As the early reviews suggest, Surface Pro is definitely a modern PC/tablet hybrid, rather a full-blown computer as Wired calls it that folds up into a tablet-sized package. As far as the specifications go, the tablet comes with an Intel Core i5-3317U processor with Intel HD Graphics, a 128GB SSD, 4GB of memory, and a 10.6-inch 1080p screen.
Surface Pro is undoubtedly a very compelling device for it runs full Windows 8 Pro and its great features; however, did Microsoft kill the charm by trying to be both a tablet and laptop at the same time? Let's see what experts have to say.

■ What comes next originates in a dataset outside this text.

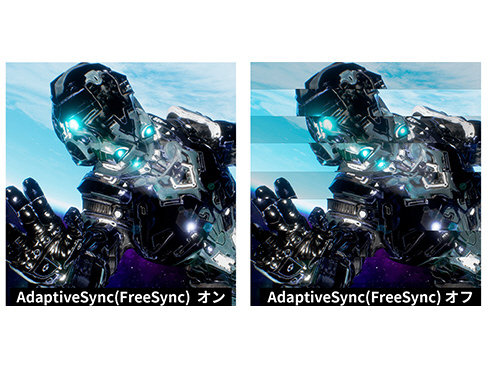 ■AdaptiveSync(FreeSync)に対応。画面のリフレッシュレートとコンテンツのフレームレートのズレから生じるティアリングを防ぎ、滑らかで美しい映像を実現します。ブルーライト軽減モードを搭載し、フリッカーフリー設計で、目と身体への負担を軽減します。

On the design front and overall look and feel, Wired writer Alexandra Chang terms the device "Very good, but not quite great" and rated it 7/10. "The Surface Pro is more well-constructed and thoughtfully designed than any of them. It's the best of the hybrids. The quality of the hardware, the performance, and the simplicity of the design make it a success," she writes. Surface Pro cannot be called a tablet, it is heavy and thick and it works better when propped up on a desk than resting on a knee, in a lap, on the couch.

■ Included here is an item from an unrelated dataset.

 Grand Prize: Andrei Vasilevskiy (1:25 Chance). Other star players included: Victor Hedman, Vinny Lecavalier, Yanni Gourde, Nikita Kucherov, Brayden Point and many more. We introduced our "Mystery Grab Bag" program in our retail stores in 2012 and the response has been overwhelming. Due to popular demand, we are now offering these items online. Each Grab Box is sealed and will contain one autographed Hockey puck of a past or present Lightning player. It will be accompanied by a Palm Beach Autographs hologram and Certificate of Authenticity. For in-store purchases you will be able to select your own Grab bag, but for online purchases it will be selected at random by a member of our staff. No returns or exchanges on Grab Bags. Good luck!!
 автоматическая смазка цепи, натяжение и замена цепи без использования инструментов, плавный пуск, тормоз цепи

The tablet comes in 64GB and 128GB models. The 64 GB has only 23 GB available and the 128 GB model offers just 83 GB. The rest is taken up by system files. When it comes to pricing, the feature-rich device comes with many hidden costs. Though the base price is $899 and a doubling of storage will run you $100 more, you will end up paying an extra $120 or $130 for Microsoft's Touch and Type covers respectively.
Surface pro has a constrained battery life clocking in at around half the Surface RT's capacity. In testing the battery life, The Next Web notes that the tablet "run into the ground with less than four hours of video use; this is to say that having the device sit on a counter and play YouTube caused it expire in sub 240 minutes." - Not very impressive.

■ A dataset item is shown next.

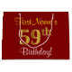 Elegant, Red, Faux Gold 59th Birthday; Custom Name Large Gift Bag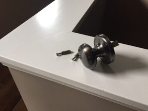 Point No. 2: The two screws that hold the entire exterior handle, interior knob, and the mechanical stuff inside didn’t break, but the receptacles they were screwed into did. I now have a nonfunctioning front door, for the most part. You can put the interior knob back in its place, and it will work when you turn it, but you can’t pull on it because it’s not attached to anything. The whole interior and exterior assembly has to be replaced. I thought that would be easy.

Surface Pro has a killer screen as it offers 10.6-inch Full HD 1980×1080 pixel resolution display. "Its screen is too good. Which is to say, its 1080p resolution is so dense on the 10.6-inch screen that desktop programs seem too small, too cramped," Gizmodo reports. The tablet is 4mm thicker, at 13.46mm compared to 9.3mm for the RT and is 0.5lb heaver, coming in at a hair under 2lb, ArsTechnica reviewed.
There is a single, full-sized USB 3.0 port on the left side of the device and a 3.5mm headphone jack. Suface Pro also has a microSDXC slot, a mini DisplayPort and a Cover port.
Surface Pro has dual 720p cameras which Engadget termed as 'pretty poor.' "Photos are incredibly full of noise and the sensor seems to be completely unable to manage contrast, resulting in images that are either totally washed out or far too dark. It's like anti-HDR," the review said.
"That it offers compatibility with the massive back-catalog of Windows apps gives this a strong leg up over the earlier Surface RT, but the thickness, heft and battery life are big marks against," Engadget concluded.
"The Surface Pro is a very cool device, in that it's neat to use, test, and generally tool around with. However, I cannot imagine making it my main work machine," TNW's Alex Wilhelm said."The Surface Pro is too much hybrid for its own good, losing to cheaper devices for each of its use cases, leaving it too expensive, and almost beached in its audacity. That said, the devices will find limited, but perhaps meaningful adoption in certain enterprise circles," Wilhelm wrapped up his review.